If I ask for search.brave.com to give me a list of gini coefficients for the top ten countries by GDP, it can't do it. However, if I tell it the data is available on the CIA world factbook, it can then spit that info out promptly. However, if I close the context and ask again, it hasn't learned this information and once again is unable to provide the list.
It didn't datamine me. It had no better idea where to find this information the second time I asked. This is the experience others have stated with other AIs as well. It does not seem special to brave.
- Etheryte 3 hours ago
  Data mining doesn't mean the model is instantly updated, that would be prohibitively expensive at scale. It's way easier to batch your data together with a bunch of other data and use it later on. That doesn't even mean it will know where to find the information eventually since models are not one to one with their inputs, because again, size and cost.
  panny 3 hours ago
  >Data mining doesn't mean the model is instantly updated
  I'm not expecting instant. Even next week it won't be there. It's like how AI never learned to count how many times the letter r appears in strawberry. Like sure, now if you ask brave, it will tell you three, but that is only because that question went viral. It didn't "learn" anything, it was just hard coded for that particular answer. Ask it how many times the letter l appears in smallville and it will get it wrong again.
  t0md4n 3 hours ago
  It wouldn’t be instant, next week or even next month. Pre-training doesn’t happen that frequently and varies between each model provider. As for the strawberry test, this is a tokenization issue that is fundamental to LLM’s, however, most models can now solve this type of question using thinking/code/tools to count the letters.
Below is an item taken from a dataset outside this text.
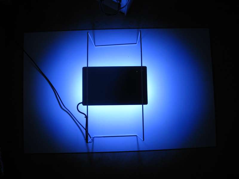 Vores hobby kan være temmelig omkostnings krævende (ifølge konen), derfor et konstant spørgsmål, hvordan får jeg mere vand i stuen uden mere elforbrug ? Jeg skar et stykke pvc ud på målene 110x70cm, højden bliver 45cm, og placerede min lampe, en Radion 1 generation med 80grader linser oven på pladen. Højden fra plade til lys er 23cm og det er ikke nok til at dække tanken, men hvis jeg opgraderede lampen til 3 generation med 120grader linsen vil den nok kunne dække hele tanken, og så er det måske muligt at sælge ideen.
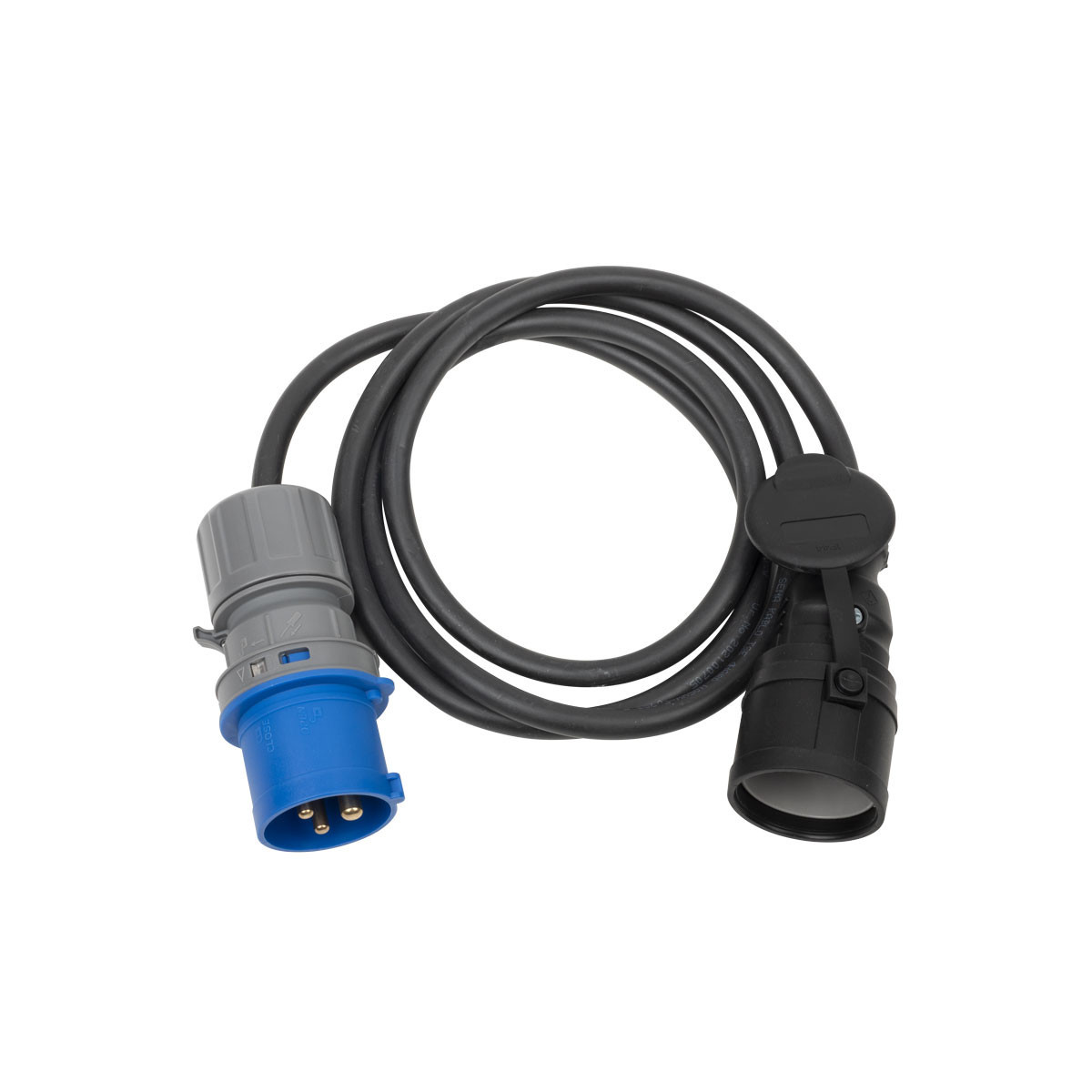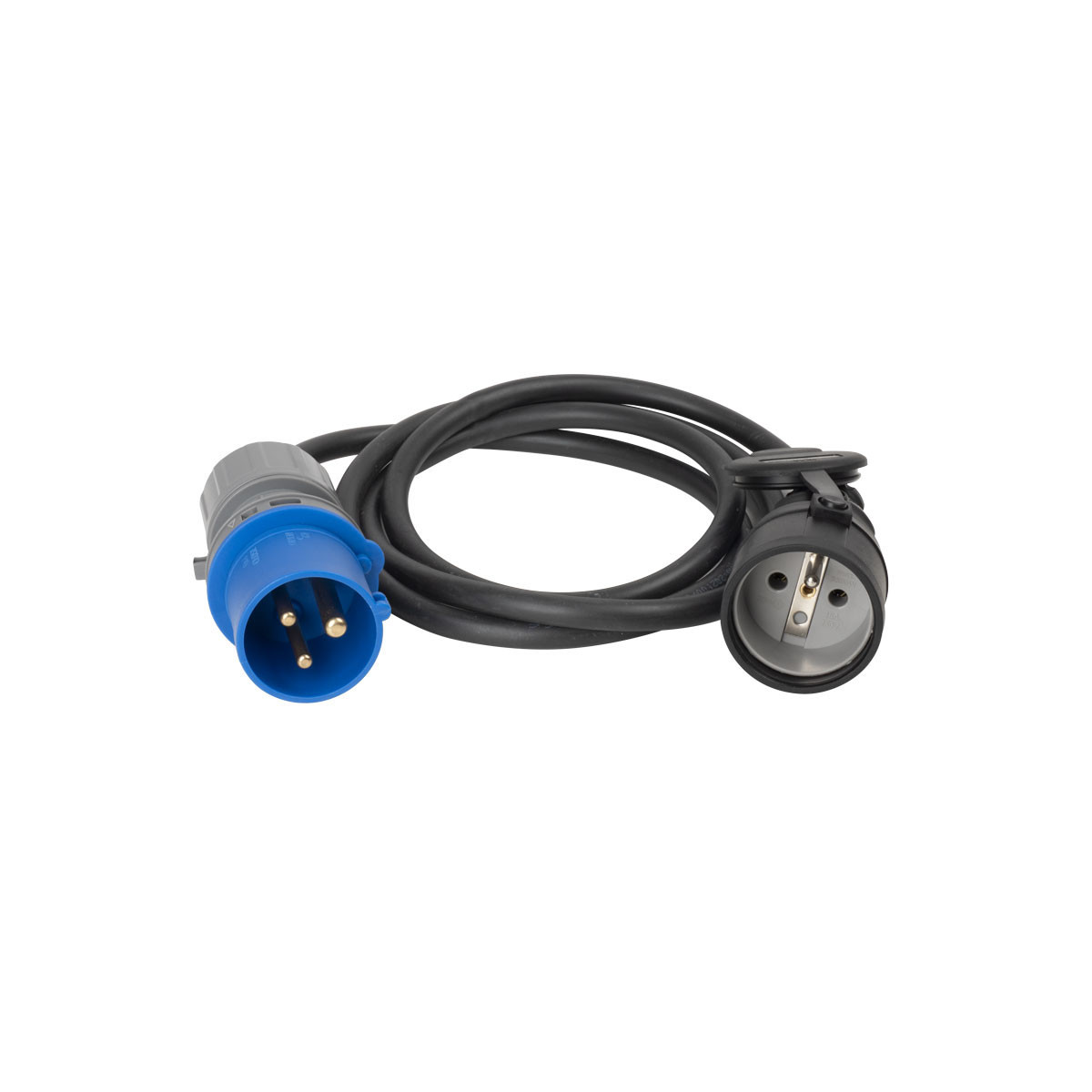 - 1 fiche CEE 10A-230V - 1 prise 2P+T 10A/16A 230V - Cable 3G2.5mm2 d'une longueur de 1,5m.

  https://imgur.com/a/NqIJEx6
  Etheryte 2 hours ago
  Both OpenAI and Claude average roughly one flagship release a year, and these are some of the best funded companies in the space. The bigger your model, the more expensive it is to train, so you want to do it as rarely as reasonably possible. Every other company will either work with smaller models and/or train even more rarely, aside from fine-tunes and customizations they put on top.
  simgt 3 hours ago
  I didn't think for a second you could be right, so I tried with Claude. L in smallville was correct, then it suggests it'd have gotten l in parallel wrong by answering 3 instead of 2 (buts gets it right in a new chat). Then it suggests it'd get n in millennium wrong by giving the right answer, and gets it wrong in a new chat. https://claude.ai/share/93b46c3b-23a7-40ad-8a2b-ec2ed6c34a19
  Thanks, that was enlightening.
  ordersofmag 3 hours ago
  LLM aren't retrained and released on a weekly time-scale. The data mining may only be reflected in the training of the next generation of the model.
  qwertytyyuu 3 hours ago
  every week is still way to expensive to do at scale, at best they'll update training data with each model iteration.
- add-sub-mul-div 3 hours ago
  Brave isn't data mining you for your benefit, they're doing it for their benefit.